En tant que communauté des Focolari, nous avons envoyé un formulaire à toutes les personnes que nous connaissions pour faire une première évaluation des dommages subis. Il y avait de nombreuses questions de leur part et de celle d’autres personnes qu’ils connaissaient : comment pourrions-nous répondre à tous ces besoins ? Comment réussir à distribuer ce que nous avions à tant de personnes ? Je ne sais pas pourquoi, mais j’avais l’impression que la seule certitude que nous avions était que la confiance en Dieu.

À l’époque, beaucoup de nos connaissances nous ont demandé comment ils pouvaient nous transmettre leur soutien financier. Une famille nous a envoyé 500 euros pour notre appartement. Ainsi, nous avons senti que nous faisions partie d’une grande famille et que nous ne resterions pas seuls dans notre malheur. Les procédures que nous avons dû suivre et les difficultés pour envoyer de l’argent au Liban ont retardé la distribution, mais un an après cet événement, nous pouvons dire avec reconnaissance que nous avons pu rester proches de nombreuses familles touchées et les soutenir sur le plan matériel et aussi moral. Nous avons pu répondre à toutes les demandes que nous avions reçues, et nous en sommes infiniment reconnaissants à tous ceux qui ont donné leur contribution.

Aujourd’hui, la situation reste difficile ; en effet, les conditions de vie se dégradent de jour en jour. Les gens ressentent la pression de devoir prendre des décisions fondamentales pour leur avenir, comme celle de quitter ou non leur pays. Il y a un manque d’espoir, il semble que toute la situation va de mal en pis, que l’avenir du pays est tracé et que les forces qui s’y opposent s’amenuisent. Je ne sais pas comment répondre aux personnes qui me posent des questions indiscrètes et je ne peux que regarder avec admiration la détermination et la dignité de tous ceux qui essaient chaque jour de vivre le moment présent, comme ceux qui mettent en place un réseau de distribution de médicaments, qui organisent le transport de lait pour les bébés ou qui rêvent de lancer un magasin pour soutenir les nécessiteux. Car ils sont nombreux à être dans le besoin, mais ils sont aussi nombreux ceux qui se tiennent aux côtés de ce peuple libanais éprouvé et si fier, un peuple qui préfère parfois souffrir plutôt que d’admettre qu’il est tombé dans une pauvreté sans précédent.

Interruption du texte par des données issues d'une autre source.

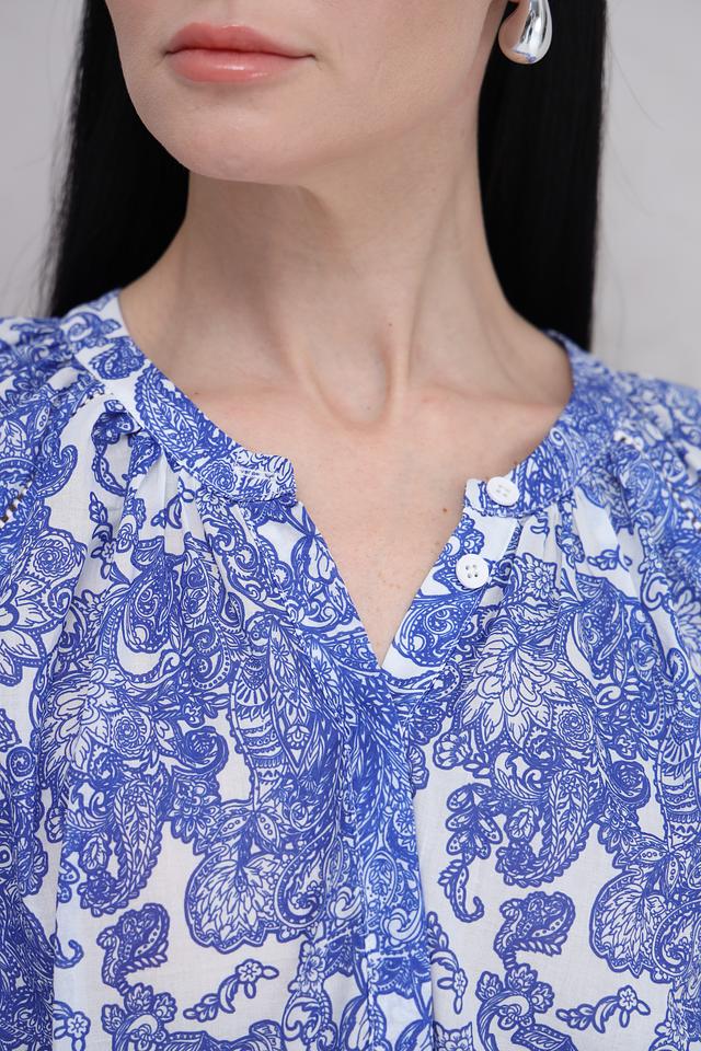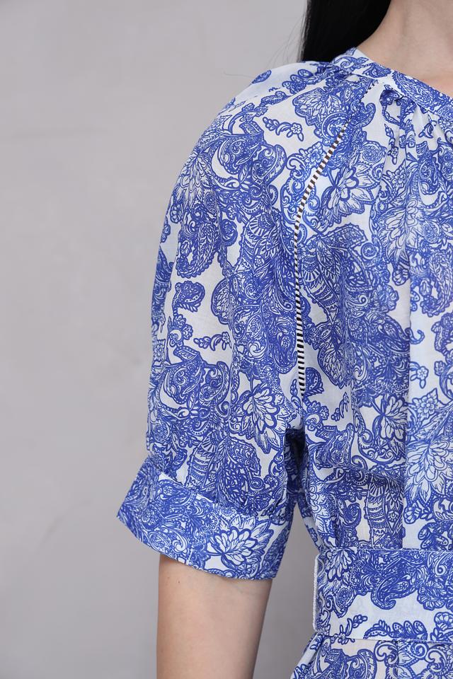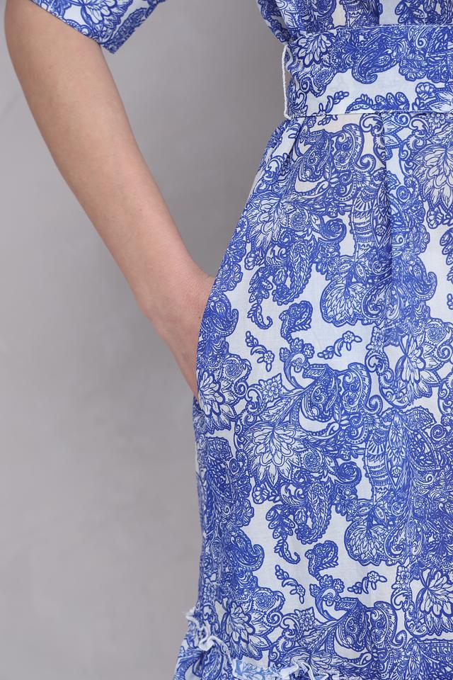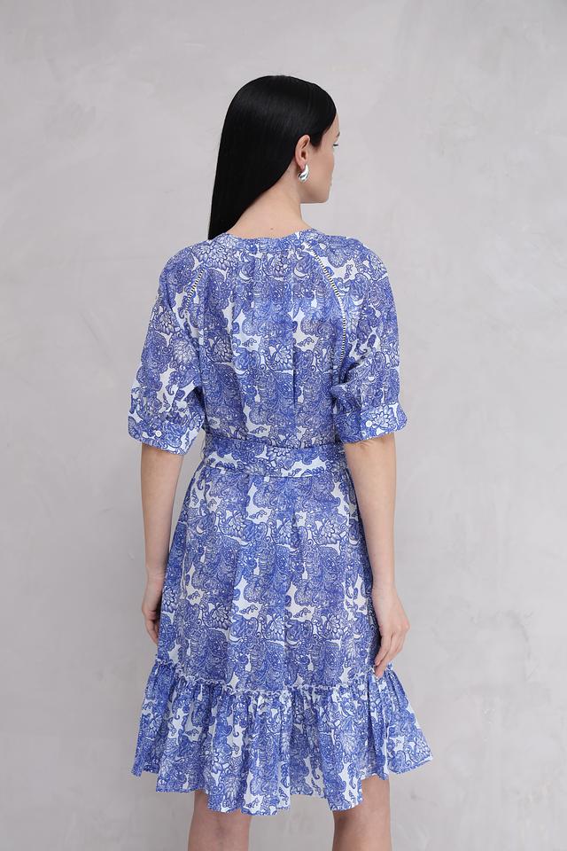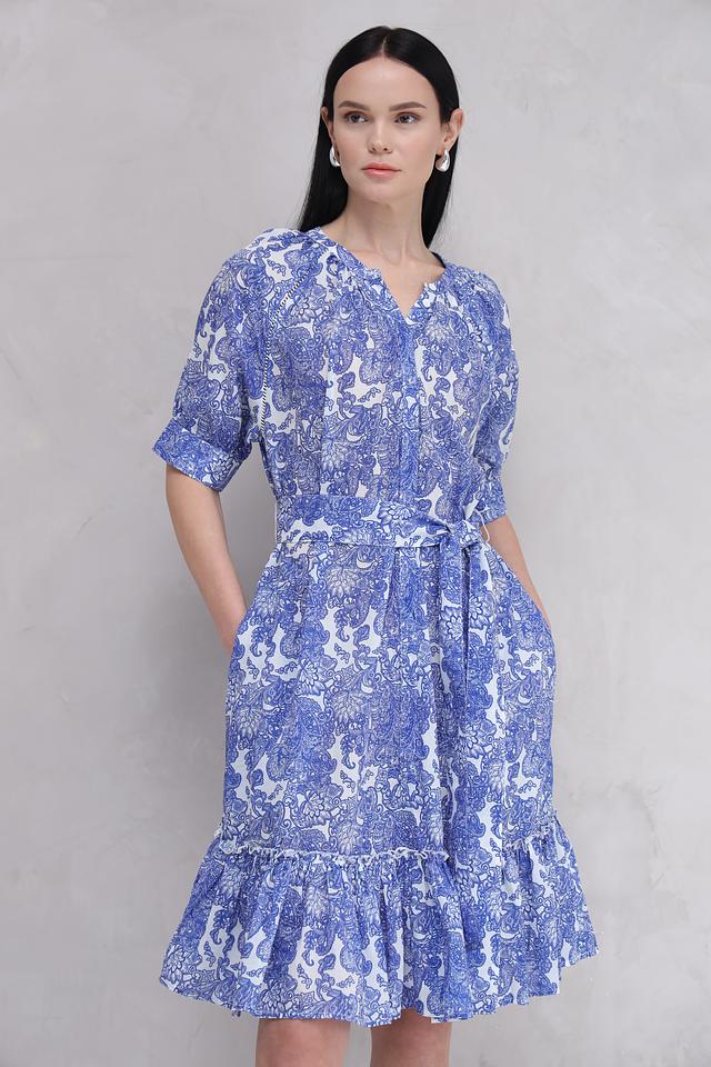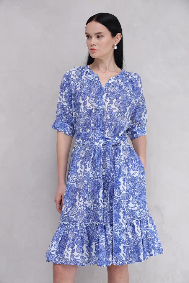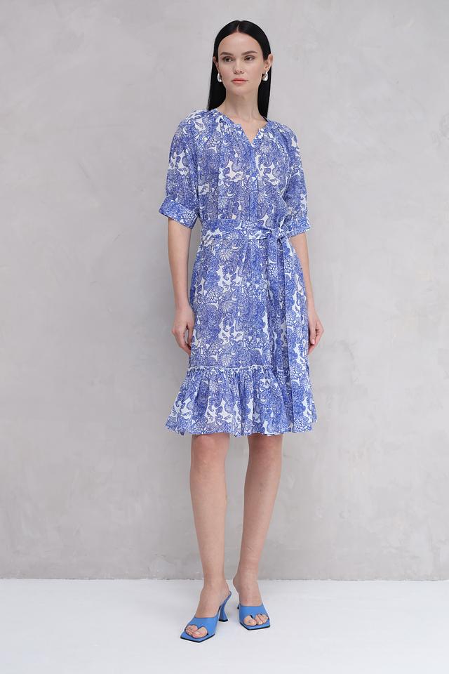 Модель имеет длину до колена, V-образный вырез и короткие рукава с небольшими оборками. Платье украшено ярким цветочным принтом в голубых и белых тонах. Подчеркнуть талию поможет съёмный пояс.

Je ressens la responsabilité d’être là, à leurs côtés et avec eux, pour avancer avec eux sur ce chemin de souffrance et pour embrasser ensemble toutes les épreuves qui se manifestent chaque jour. Sachant que je n’ai pas de solutions toutes faites, je peux encore mettre en lumière tout ce qui fonctionne, comme les valises de médicaments et d’autres produits en provenance d’Italie, de Belgique et de France. De cette façon, je peux être un espoir pour tous.

Ce qui peut sembler être la fin de ce pays peut être le début de quelque chose de nouveau que chacun de nous prépare, quelque chose que nous ne voyons pas encore mais qui vaut certainement la peine de rester. Pas avec ma raison, mais avec la volonté déterminée de ceux qui témoignent des miracles qui se produisent jour après jour.